INPUT DATA >>
***
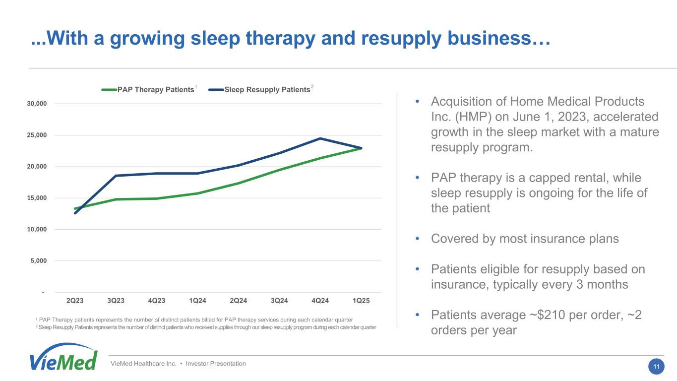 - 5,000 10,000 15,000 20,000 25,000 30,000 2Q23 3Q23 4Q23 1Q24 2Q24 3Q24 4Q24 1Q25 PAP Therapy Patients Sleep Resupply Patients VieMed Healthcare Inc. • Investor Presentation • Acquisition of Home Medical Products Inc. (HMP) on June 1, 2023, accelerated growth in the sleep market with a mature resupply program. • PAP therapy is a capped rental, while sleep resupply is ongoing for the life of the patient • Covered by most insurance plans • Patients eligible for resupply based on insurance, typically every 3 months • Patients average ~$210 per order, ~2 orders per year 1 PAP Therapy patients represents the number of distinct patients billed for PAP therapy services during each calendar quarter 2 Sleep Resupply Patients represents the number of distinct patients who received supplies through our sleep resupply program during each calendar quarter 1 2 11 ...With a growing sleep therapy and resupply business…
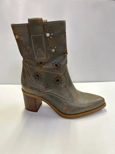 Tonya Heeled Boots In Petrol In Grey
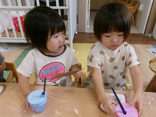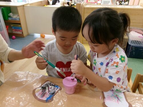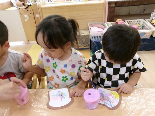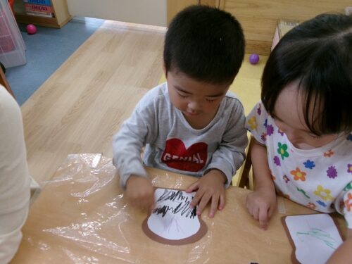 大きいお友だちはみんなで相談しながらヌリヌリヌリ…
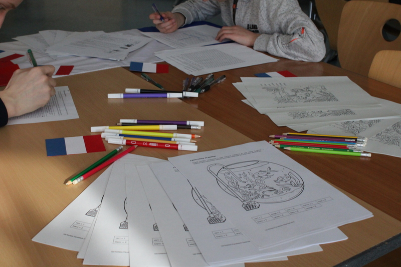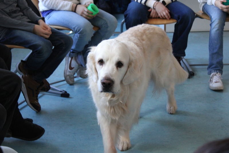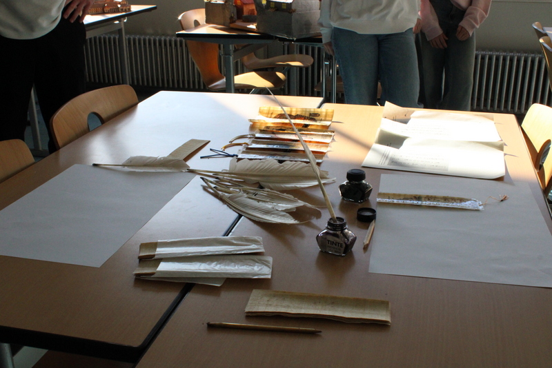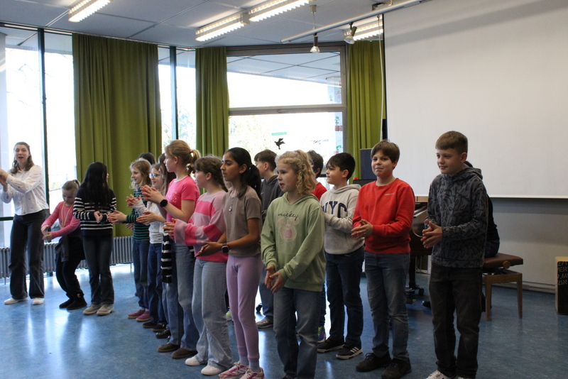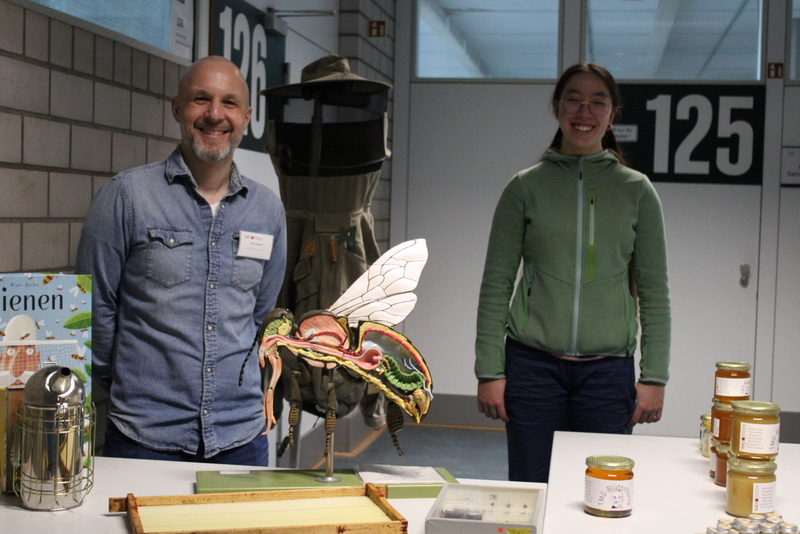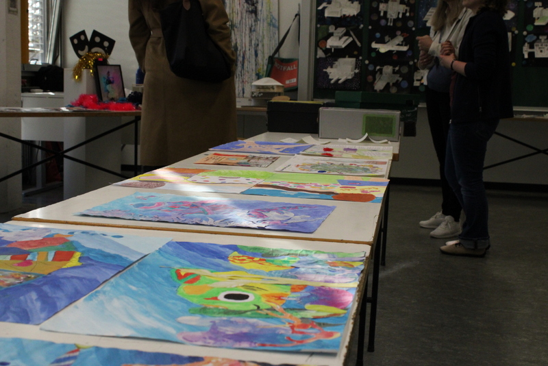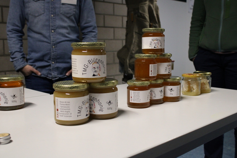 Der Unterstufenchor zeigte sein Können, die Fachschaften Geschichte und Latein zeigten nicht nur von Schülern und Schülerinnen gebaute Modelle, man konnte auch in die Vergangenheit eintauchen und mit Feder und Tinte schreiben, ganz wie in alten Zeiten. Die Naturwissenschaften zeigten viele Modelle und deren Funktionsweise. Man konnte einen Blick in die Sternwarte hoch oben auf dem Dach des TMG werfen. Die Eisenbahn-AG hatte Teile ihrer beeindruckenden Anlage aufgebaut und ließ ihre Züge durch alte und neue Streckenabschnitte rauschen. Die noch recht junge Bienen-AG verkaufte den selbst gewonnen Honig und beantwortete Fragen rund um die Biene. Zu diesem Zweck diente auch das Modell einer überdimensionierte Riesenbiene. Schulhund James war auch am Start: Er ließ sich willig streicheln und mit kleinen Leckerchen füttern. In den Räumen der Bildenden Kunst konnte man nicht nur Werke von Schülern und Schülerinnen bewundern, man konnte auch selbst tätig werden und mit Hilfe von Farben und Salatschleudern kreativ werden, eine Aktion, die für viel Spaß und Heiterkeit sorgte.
***
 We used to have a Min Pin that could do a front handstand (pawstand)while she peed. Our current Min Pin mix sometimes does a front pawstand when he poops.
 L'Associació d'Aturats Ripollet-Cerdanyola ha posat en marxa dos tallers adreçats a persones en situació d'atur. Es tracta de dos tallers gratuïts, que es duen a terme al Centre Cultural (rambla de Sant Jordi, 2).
***
TASK PROMPT >>
Only one stretch of the entries above is wanted: the lines from the one containing "We used to have" through the one containing "L'Associació d'Aturats Ripollet-Cerdanyola". Please reproduce it exactly.

YOUR SOLUTION >>
 We used to have a Min Pin that could do a front handstand (pawstand)while she peed. Our current Min Pin mix sometimes does a front pawstand when he poops.
 L'Associació d'Aturats Ripollet-Cerdanyola ha posat en marxa dos tallers adreçats a persones en situació d'atur. Es tracta de dos tallers gratuïts, que es duen a terme al Centre Cultural (rambla de Sant Jordi, 2).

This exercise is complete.